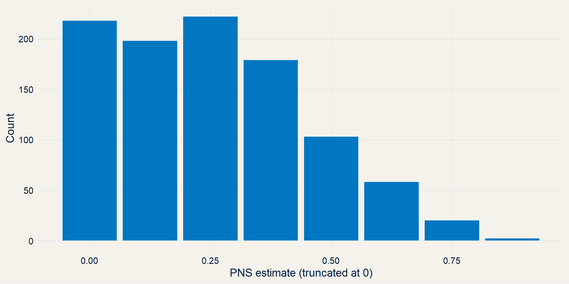 Our supervillain didn’t trust the estimated PNS=1/8, so he decided to use a Time-Machine and re-randomize the patients for treatment and control over and over again.
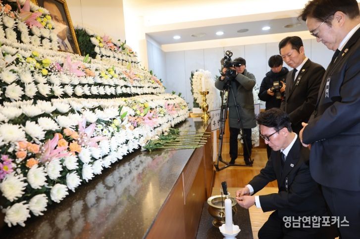 영남연합포커스 기자 | 김민석 국무총리가 27일 종로구 서울대학교병원 장례식장에서 故 이해찬 민주평통 수석부의장의 빈소를 조문하고 있다.
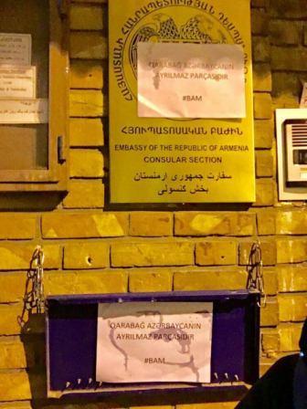 Axar.az xəbər verir ki, dünən Tehrandakı Ermənistan konsulluğunun binasına soydaşlarımız tərəfindən bu addımı pisləyən vərəqələr yapışdırılıb.
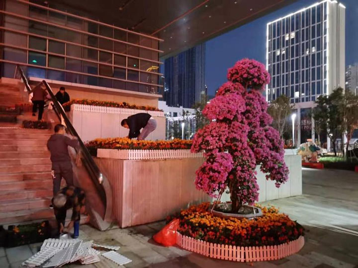 工程公司項目部克服當(dāng)前人員少、項目建設(shè)工作任務(wù)重的困難,安排專人日夜施工,及時完成了外圍綠化提升,聯(lián)合民晟實業(yè)公司實施氛圍營造工程,打造了一個莊重喜慶的會場氛圍。
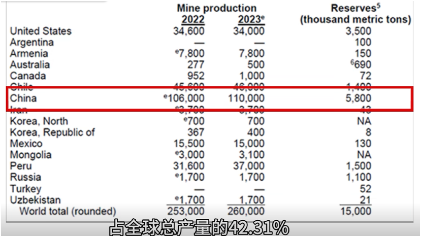 鉬,作為一種重要的不可再生的稀缺性戰(zhàn)略資源,以其獨(dú)特的性能廣泛應(yīng)用于鋼鐵冶金、農(nóng)用化肥、電氣化工和航天等領(lǐng)域。根據(jù)USGS數(shù)據(jù)顯示,2023年,中國(guó)鉬礦資源儲(chǔ)量為580萬(wàn)噸,占全球資源儲(chǔ)量的38.67%。其次為美國(guó)和秘魯,2023年鉬礦資源儲(chǔ)量分別為350萬(wàn)噸和150萬(wàn)噸,分別占比23.33%和10.00%。同時(shí),中國(guó)也是全球最大的鉬生產(chǎn)國(guó),據(jù)美國(guó)地質(zhì)調(diào)查局?jǐn)?shù)據(jù)顯示,2023年,全球鉬產(chǎn)量約26萬(wàn)噸,其中,中國(guó)約11萬(wàn)噸,約占全球總產(chǎn)量的42.3%。
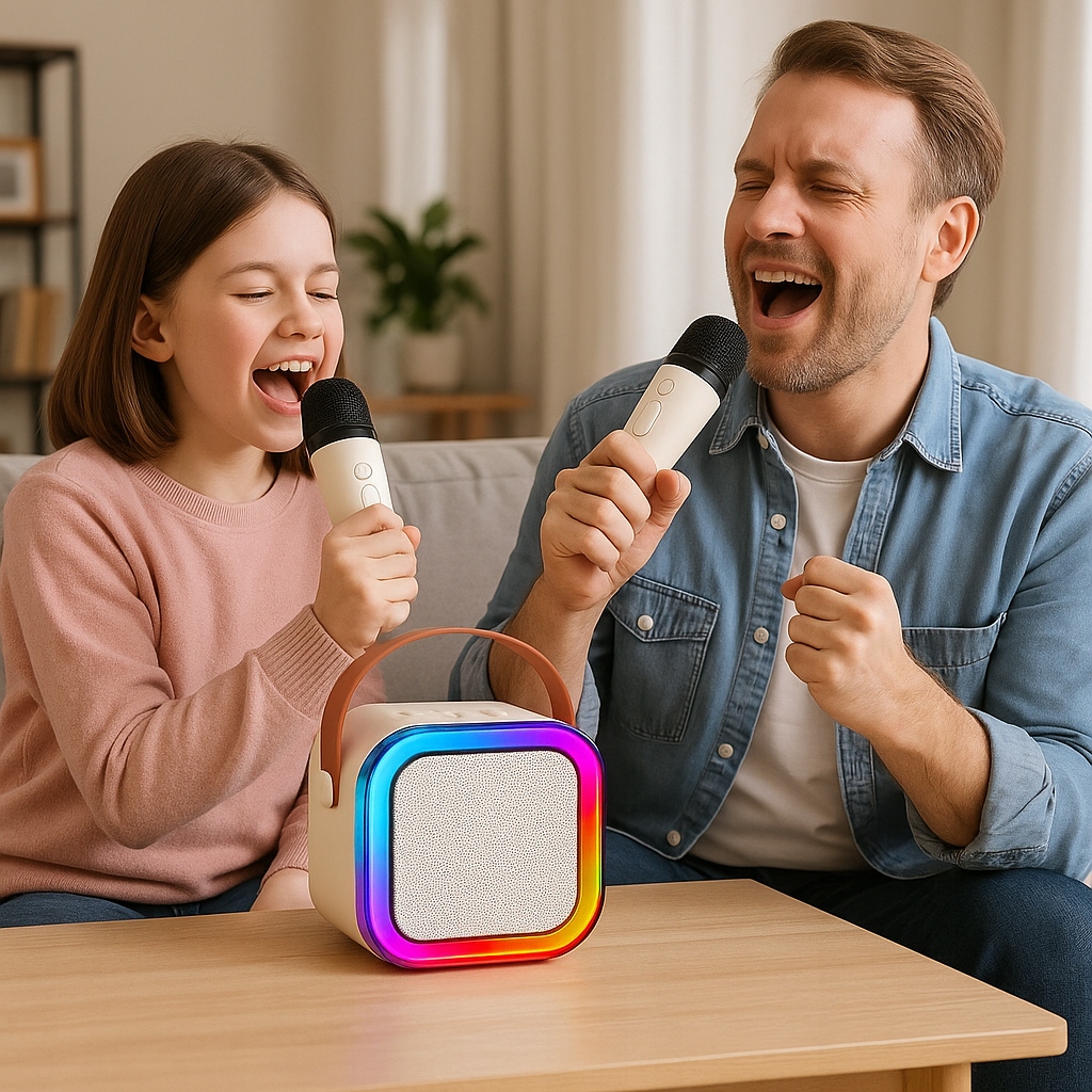 - ⭐ Кольорове світлодіодне підсвічування - додає візуальний ефект і створює ідеальну атмосферу для караоке, покращуючи музичні враження.

------------

The needed output is the lines from the one with "Axar.az xəbər verir" through the end of the listing, written out exactly, both ends included, pictures excluded.

__SOLUTION TO THIS TASK__
 Axar.az xəbər verir ki, dünən Tehrandakı Ermənistan konsulluğunun binasına soydaşlarımız tərəfindən bu addımı pisləyən vərəqələr yapışdırılıb.
 工程公司項目部克服當(dāng)前人員少、項目建設(shè)工作任務(wù)重的困難,安排專人日夜施工,及時完成了外圍綠化提升,聯(lián)合民晟實業(yè)公司實施氛圍營造工程,打造了一個莊重喜慶的會場氛圍。
 鉬,作為一種重要的不可再生的稀缺性戰(zhàn)略資源,以其獨(dú)特的性能廣泛應(yīng)用于鋼鐵冶金、農(nóng)用化肥、電氣化工和航天等領(lǐng)域。根據(jù)USGS數(shù)據(jù)顯示,2023年,中國(guó)鉬礦資源儲(chǔ)量為580萬(wàn)噸,占全球資源儲(chǔ)量的38.67%。其次為美國(guó)和秘魯,2023年鉬礦資源儲(chǔ)量分別為350萬(wàn)噸和150萬(wàn)噸,分別占比23.33%和10.00%。同時(shí),中國(guó)也是全球最大的鉬生產(chǎn)國(guó),據(jù)美國(guó)地質(zhì)調(diào)查局?jǐn)?shù)據(jù)顯示,2023年,全球鉬產(chǎn)量約26萬(wàn)噸,其中,中國(guó)約11萬(wàn)噸,約占全球總產(chǎn)量的42.3%。
 - ⭐ Кольорове світлодіодне підсвічування - додає візуальний ефект і створює ідеальну атмосферу для караоке, покращуючи музичні враження.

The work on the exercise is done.